Is There Really Such a Thing as “Christian Privilege?”
Recently, so it is reported, some American academics have discovered a new social injustice: “Christian privilege.” One major American university (secular now but ironically founded by Baptists!) is holding a conference to reveal this newly discovered injustice and expose it as such.
Is there really such a thing as “Christian privilege” in the same sense as “male privilege” and “white privilege” and “rich privilege?” That is, does being Christian in America grant a person special, undeserved, unearned rights and privileges others do not have—even outside of Christian organizations?
*Sidebar: The opinions expressed here are my own (or those of the guest writer); I do not speak for any other person, group or organization; nor do I imply that the opinions expressed here reflect those of any other person, group or organization unless I say so specifically. Before commenting read the entire post and the “Note to commenters” at its end.*
Well, let me be frank about this.
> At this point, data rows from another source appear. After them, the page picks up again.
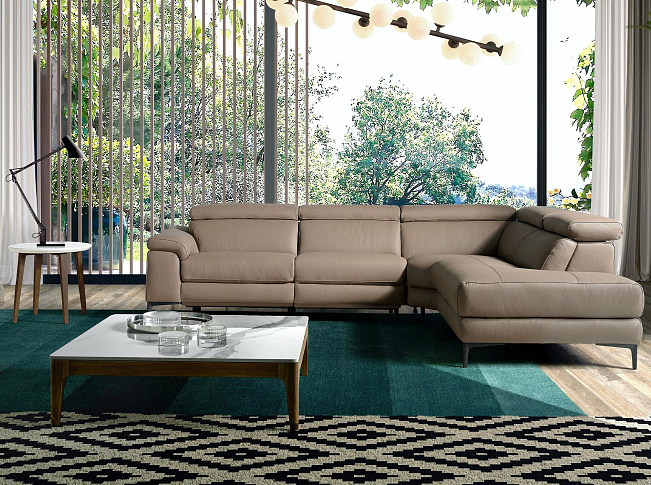 Угловой диван с реклайнером 5320-R /6043 кожаный бежевый
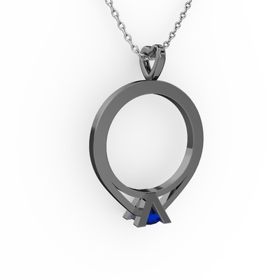 Lab safir 925 ayar siyah rodyum kaplama gümüş kolye (40 cm beyaz altın rolo zincir)
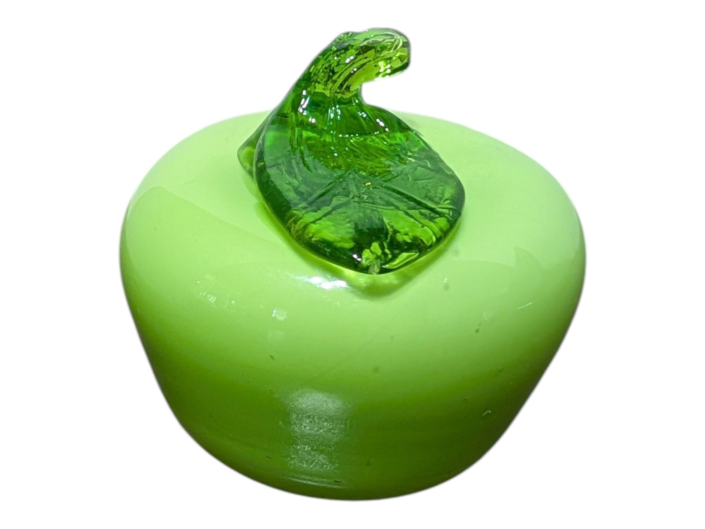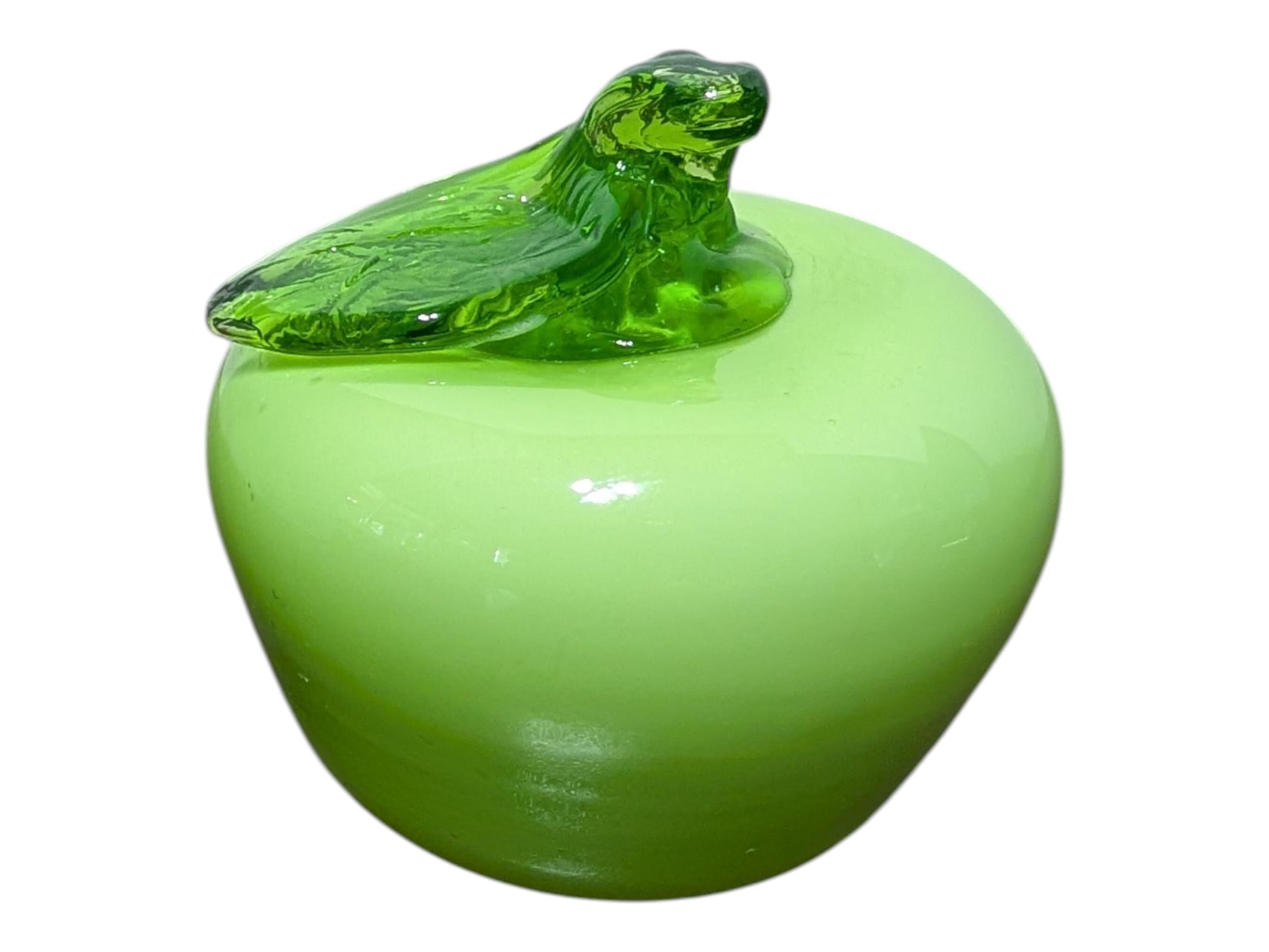 Vintage Hand-Blown Glass Apple | MCM Green Art Glass Fruit | Nonna Holiday Kitchen Decor | Supper Club Centerpiece | 1960s Glass
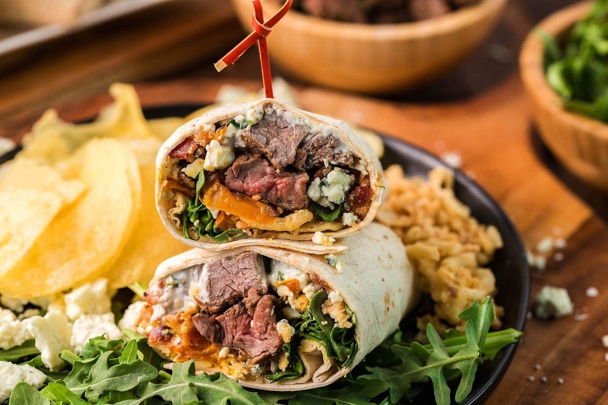 Bacon steak wraps, made with chuck steak and a homemade blue cheese dressing, are hearty, rich and delicious. If you’re wondering what to put in a steak wrap, try bacon, blue cheese crumbles and fried onions!
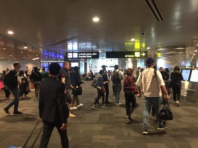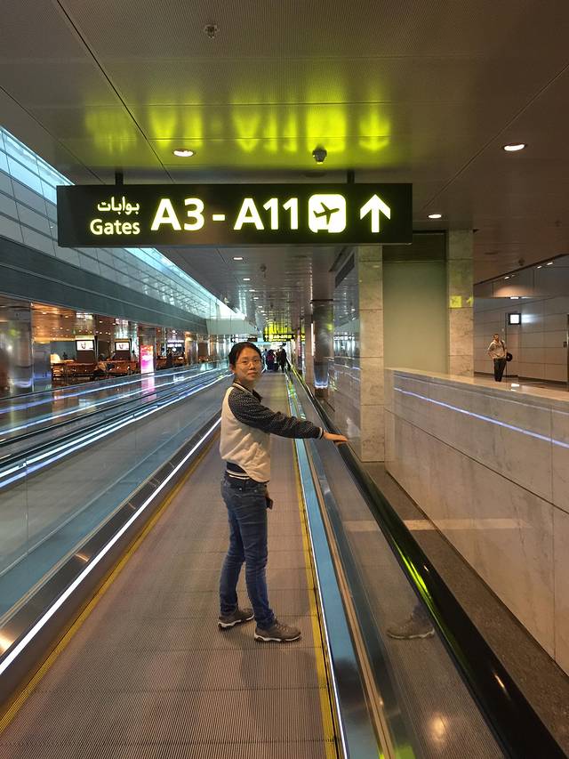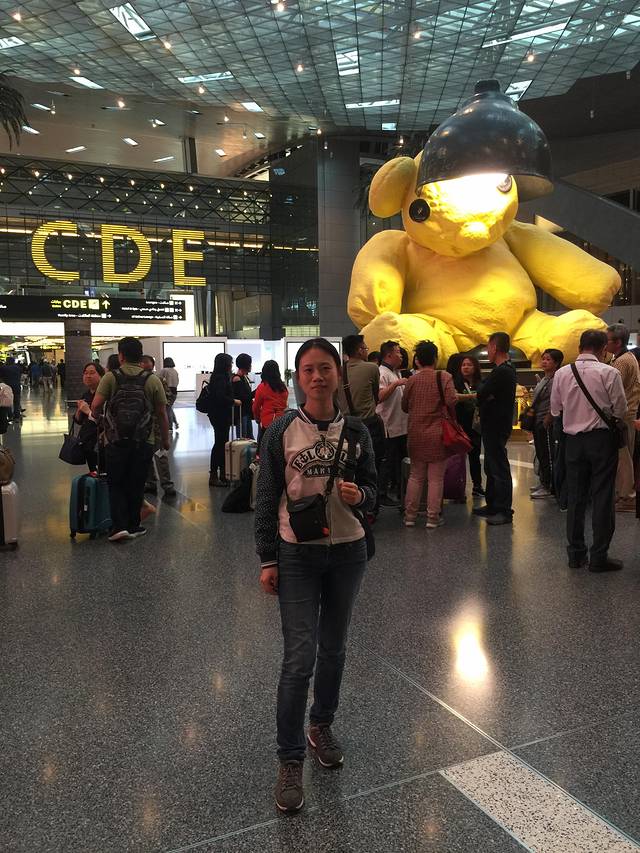 飞了九个多小时,除了吃东西,基本都在睡觉,多哈当地时间早上5点多飞机准时落地,中转时间一个半小时,时间不长,机场转了一下,只有在中间熊那里能连上免费WIFI,发了几个消息,去登机口准备登机了。

I think the whole idea of “Christian privilege” is ignorant because it assumes “being Christian” is one thing—like “being male” or “being white.” (Of course, those are also more complicated that most people think, but I won’t go into that here now.) There are many kinds of Christians and no one, over-arching “Christian” existence.
Let me illustrate. I grew up Pentecostal. We were considered “holy rollers,” “fanatics,” “heretics,” and all kinds of awful things—precisely by other Christians (to say nothing of by secular people). We returned the favor and considered non-Christians automatically destined to hell (unless they converted) and most self-identified “Christians” not true Christians and therefore also destined to hell (unless they shed their “nominal Christianity” and became true Christians like us).
This case may not hold true as much today as when I was growing up in the 1950s and 1960s. But, it is still the case that many Christians consider most “Christians” false Christians.
So, when academics start lumping all Christians together and talking about an injustice called “Christian privilege” which Christians do they mean?
Now don’t anyone try to tell me that just being Christian by itself gives one social privilege; there are many Christian groups that know to their sorrow (or maybe joy—depending on how they regard persecution) how unprivileged they are because they are the kind of Christians they are.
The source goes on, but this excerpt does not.